Nerve conduction studies (NCS) are performed to determine how well nerves conduct signals. The procedure involves stimulating the nerves with a small amount of electricity and recording how each nerve conducts this signal along its course. The response to this stimulation is recorded by electrodes that are taped to the patient’s skin. The electrodes are attached to a computer that analyzes the signals and produces a visual representation of them on the screen. The physician interprets the results by making measurements of the responses and correlating them to your symptoms.

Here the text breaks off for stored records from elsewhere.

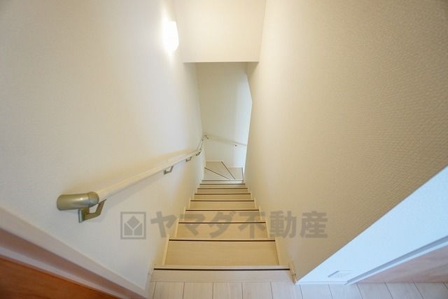 同仕様写真。ご年配の方でも安心できる、手すり付き階段です^^段差も低めで設定されてますので安全性にも優れてますね^^
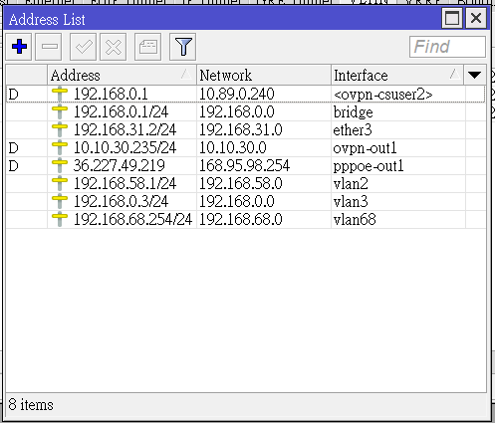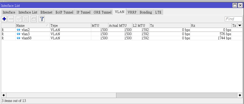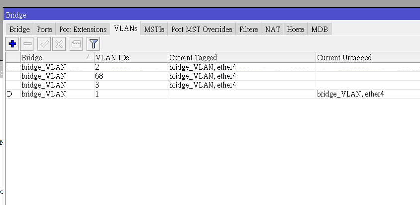 我建議呢, 新起一個bridge界面來整合VLAN 配置..以我個人應用來說呢, 我家中有三段VLAN, 分別為vlan2 vlan3 vlan68. 在三台switch中做vlan trunk. vlan id 分別是2, 3, 68. 以下分享標準的mikrotik 整合VLAN trunk的設定方法, 這樣獨立設置出來,可避免在設定VLAN期間,與管理界面失联或在設定失敗時, 完全連不上管理IP, 那時就得又RESET重來.
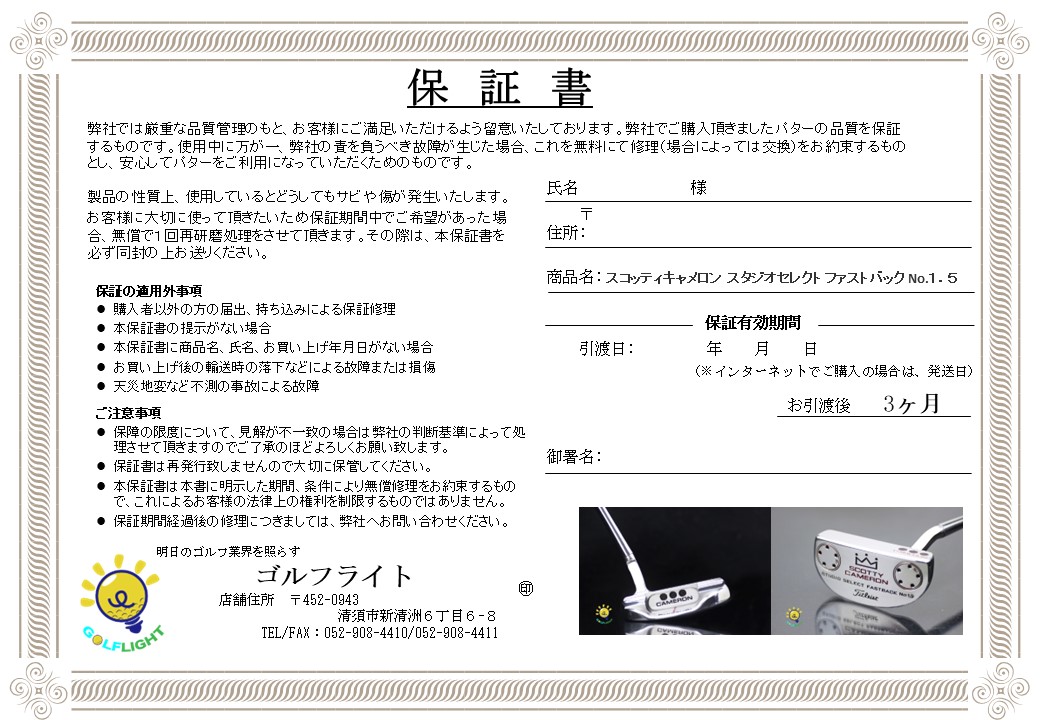 モデル | スコッティキャメロン スタジオセレクト ファストバックNo.1.5 ミラー加工仕上げ | シャフト | 純正 |
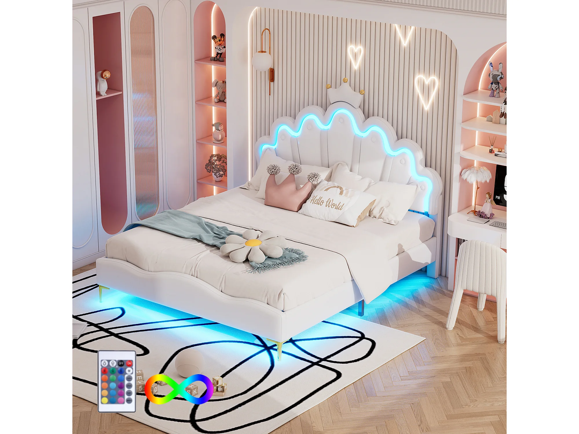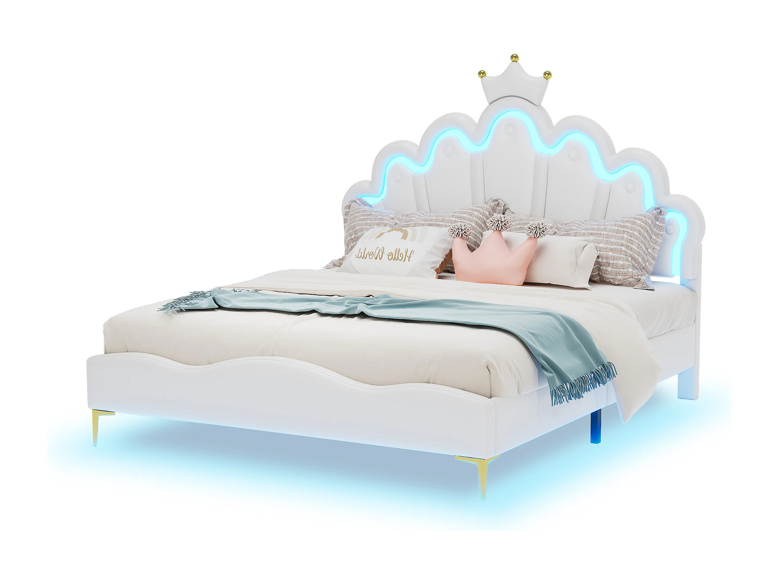 Lit double princesse enfant - 140 x 200 cm - avec Leds réglable - en cuir PU souple - blanc
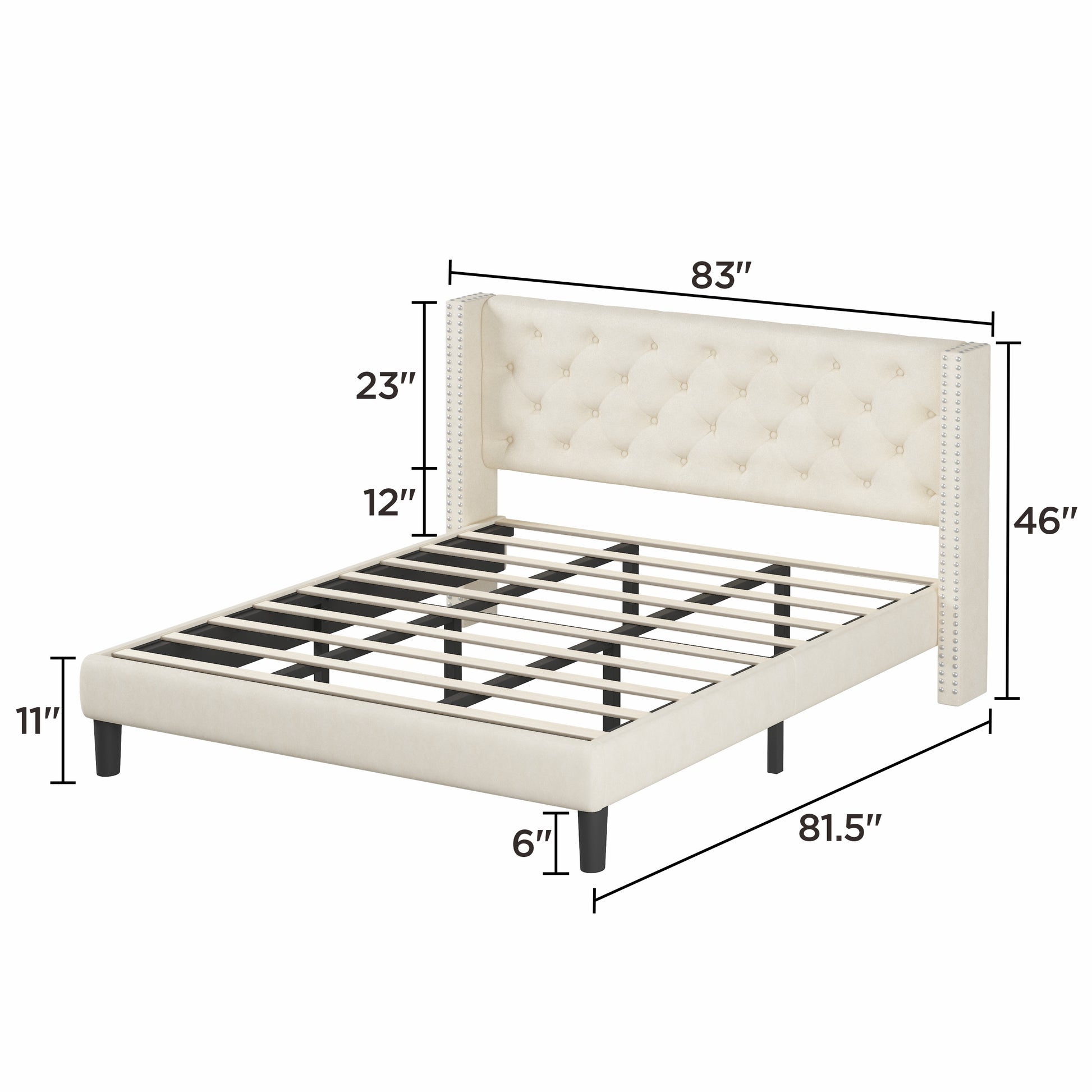 Molblly King Size Bed Frame with Upholstered Headboard, Strong Frame, and Wooden Slats Support, Non-Slip, and Noise-Free, No Box Spring Needed, Easy Assembly, Beige
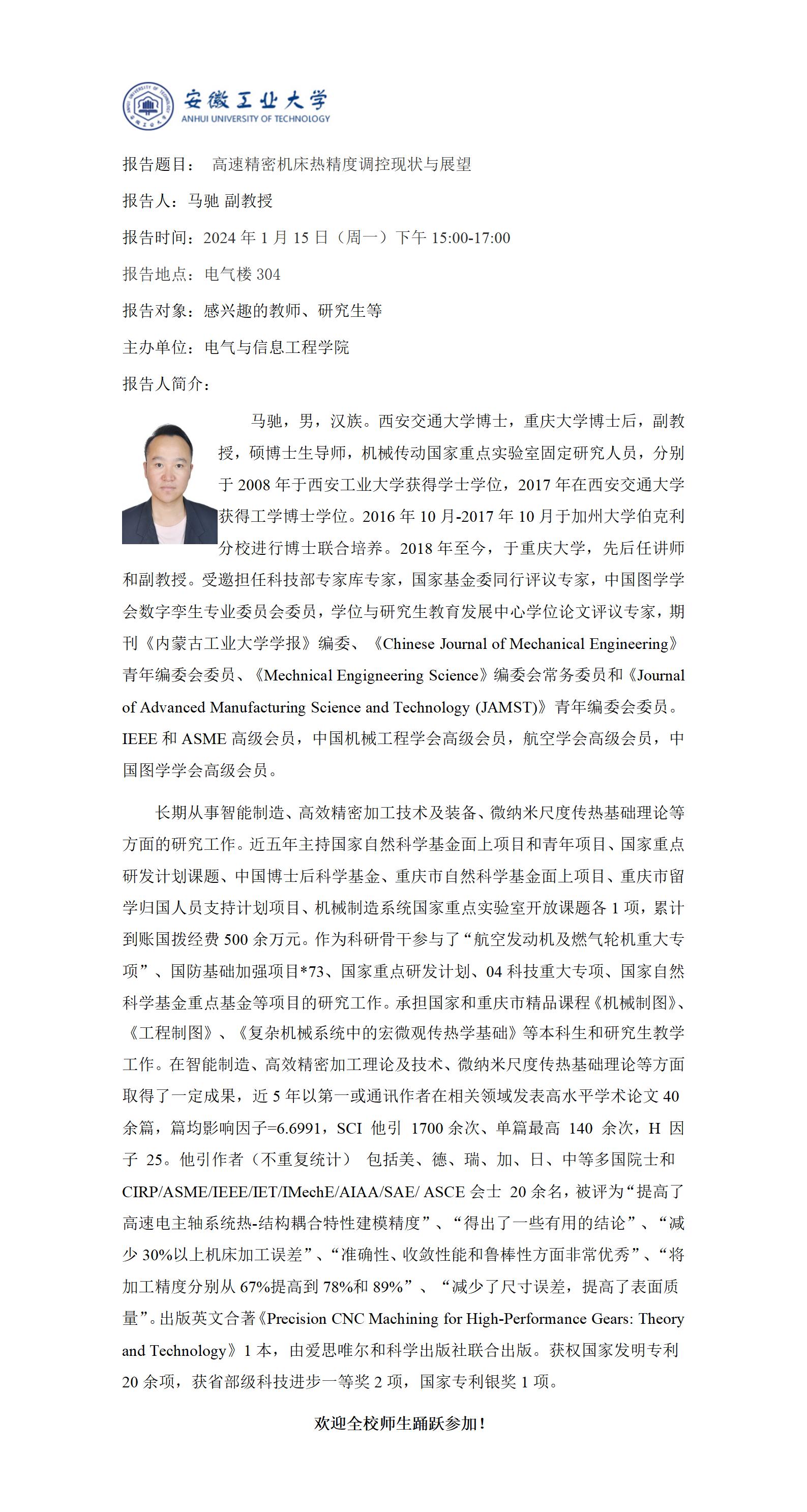 “谦之”学术讲坛之七十二-高速精密机床热精度调控现状与展望
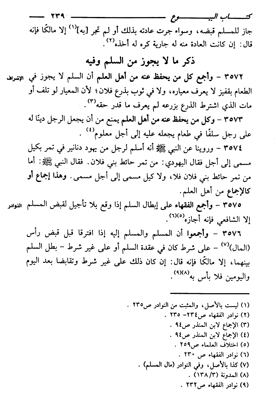 ٣٥٧٤ - وروينا عن النبي صلى الله عليه وسلم أنه أسلم لرجل من يهود دنانير في تمر بكيل مسمى إلي أجل فقال اليهودي: من تمر حائط بني فلان. فقال النبي صلى الله عليه وسلم: أما من تمر حائط بني فلان فلا، ولا كيل مسمي إلى أجل مسمى. وهذا إجماع أو كالإجماع من أهل العلم.

An electromyogram (EMG) uses a fine wire electrode to evaluate the electrical activity of muscles. The muscles are innervated (supplied with nerves) and it is possible to tell if there is an injury to the nerve by evaluating how its muscle fires. In this way, muscles in the arm or leg can be tested to evaluate a nerve injury in the neck or back. The fine wire electrode used in EMG is slightly larger than an acupuncture needle but not nearly as big as a hollow point needle used for blood draws or IVs. The electrode is connected by wire to a computer, where the signal is analyzed and displayed both as an image on the screen and is broadcast as a sound, typically a popping noise with muscle contraction. The muscles are tested both at rest (to make sure there are not any abnormal spontaneous signals that should not be there) and then with muscle contraction (to make sure the muscle is firing normally).

What to expect

An EMG takes about 45 minutes to an hour to complete. The nerve conduction studies are commonly performed first, followed by the EMG. The electrical stimulations used in nerve conduction studies typically feel like getting a rubber band snapped against your skin. Usually, 3-6 nerves are tested in an affected limb and, if necessary, a few in an unaffected limb are tested for comparison. The EMG feels like getting your skin pinched with electrode insertion and may cause a dull ache, but is generally well tolerated. Generally, nine to twelve muscles are tested. Arm, forearm, and hand muscles are tested to evaluate neck and upper limb injuries. Thigh, leg, and foot muscles are used to evaluate low back and lower limb injuries. Risks of an EMG are very rare. It may hurt a little at the time of the test, but this discomfort does not last long.